What needs to be done.
Needed from the data below: every line from the one with "Beige Girls Tweed" up to and including the one with "Crânio de Papai", repeated exactly and with nothing else.
Exercise inputs below:
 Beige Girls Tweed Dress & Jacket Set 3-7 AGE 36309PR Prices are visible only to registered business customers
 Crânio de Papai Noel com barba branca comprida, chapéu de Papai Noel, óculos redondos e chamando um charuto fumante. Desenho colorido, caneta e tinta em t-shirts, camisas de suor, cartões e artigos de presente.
End of Exercise inputs.
Exercise inputs below:
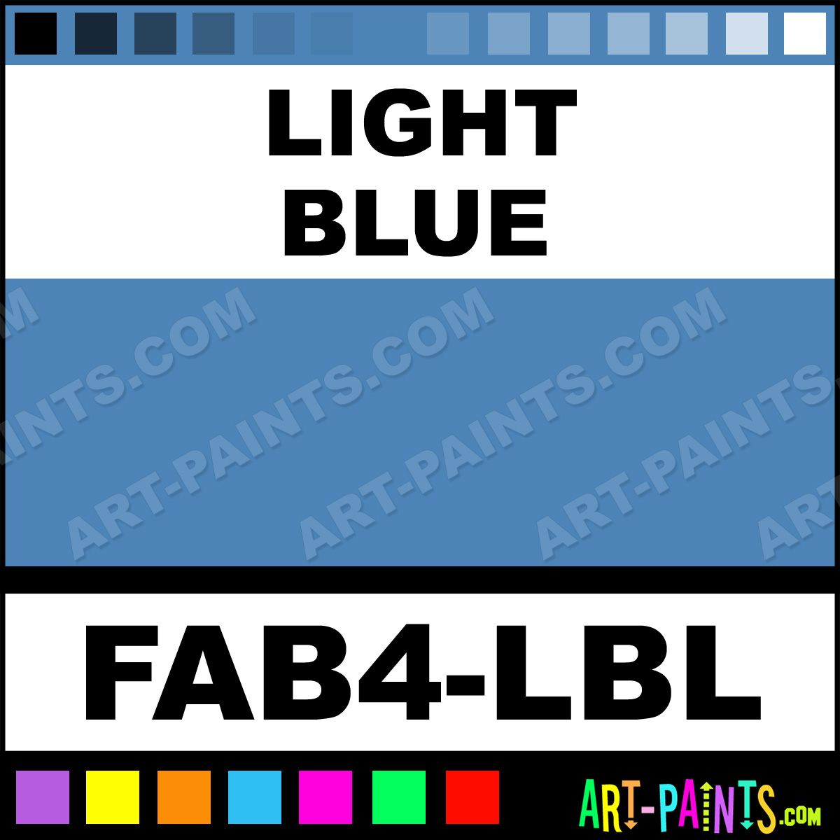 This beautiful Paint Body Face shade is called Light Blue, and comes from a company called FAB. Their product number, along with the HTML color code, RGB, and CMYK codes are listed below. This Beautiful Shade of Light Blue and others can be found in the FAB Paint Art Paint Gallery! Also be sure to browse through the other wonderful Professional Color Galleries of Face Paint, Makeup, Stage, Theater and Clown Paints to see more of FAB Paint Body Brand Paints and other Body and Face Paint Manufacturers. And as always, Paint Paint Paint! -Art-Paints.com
End of Exercise inputs.
Expected output.
 Beige Girls Tweed Dress & Jacket Set 3-7 AGE 36309PR Prices are visible only to registered business customers
 Crânio de Papai Noel com barba branca comprida, chapéu de Papai Noel, óculos redondos e chamando um charuto fumante. Desenho colorido, caneta e tinta em t-shirts, camisas de suor, cartões e artigos de presente.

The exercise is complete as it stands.